The attempt to establish a direct imperial regime in Italy in 1159 antagonized the papacy once again and led to a new struggle with Rome, the ally of the Lombard communes. Political and territorial rather than ecclesiastical interests were at stake; but the popes could only fight as heads of the universal church, defending its liberty against a race of persecutors, and they had to employ their characteristic weapons—excommunication, propaganda, and intrigue. Nonetheless, the German bishops stood by Frederick and, for the most part, followed him in maintaining a prolonged schism against Pope Alexander III. Unsuccessful in Lombardy, the Hohenstaufen shifted the center of their ambitions after 1177 to Tuscany, Spoleto, and the Romagna. This redoubled the fears and the resentment of the popes, particularly after Frederick’s death while Crusading in 1189, when his son and chosen successor, Henry VI (reigned 1190–97), became the legitimate claimant to the Sicilian kingdom through his wife Constance, the sole surviving heiress.
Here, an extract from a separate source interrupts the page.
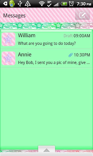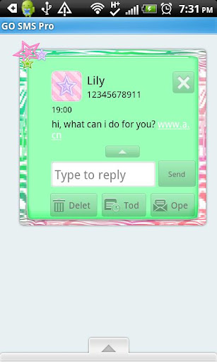 -Custom Font Colors (if you do not like the font color that the themes comes with, you can customize the theme font and font colors in the settings menu under the "advanced" tab in Go SMS Pro. This can be done with ANY Go SMS Pro theme).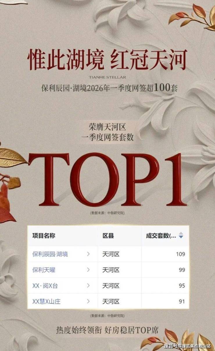 一季度天河区的网签排名,排第一的不在珠城,不在金融城,而是世界大观板块的保利辰园·湖境,一季度网签套数天河第一,3月单月成交超百套。

With their backs to the wall, the popes had to make what use they could out of any opposition to the Hohenstaufen. Their chance came in 1197 when Henry VI died prematurely, leaving a three-year-old son, Frederick, to succeed him. To escape the chaos of a minority regime, the bulk of the German princes and bishops in 1198 elected the boy’s uncle Philip of Swabia; but an opposition faction in the lower Rhenish region, led by the archbishop of Cologne and financed by Richard I of England, raised an antiking in Otto IV, a younger son of Henry the Lion. Concerned with preserving traditional papal rights regarding the imperial succession and territorial holdings in Italy as well as with the interests of his ward, Frederick, Pope Innocent III involved himself in the electoral dispute. Territorial interests in the Romagna tempted the papacy to exploit the weaknesses of the empire’s constitution, the uncertainties of electoral custom, and the lack of strict legal norms in Germany. During the war for the crown, much hard-won demesne and useful rights over the church had to be sacrificed by the rivals to bribe their supporters.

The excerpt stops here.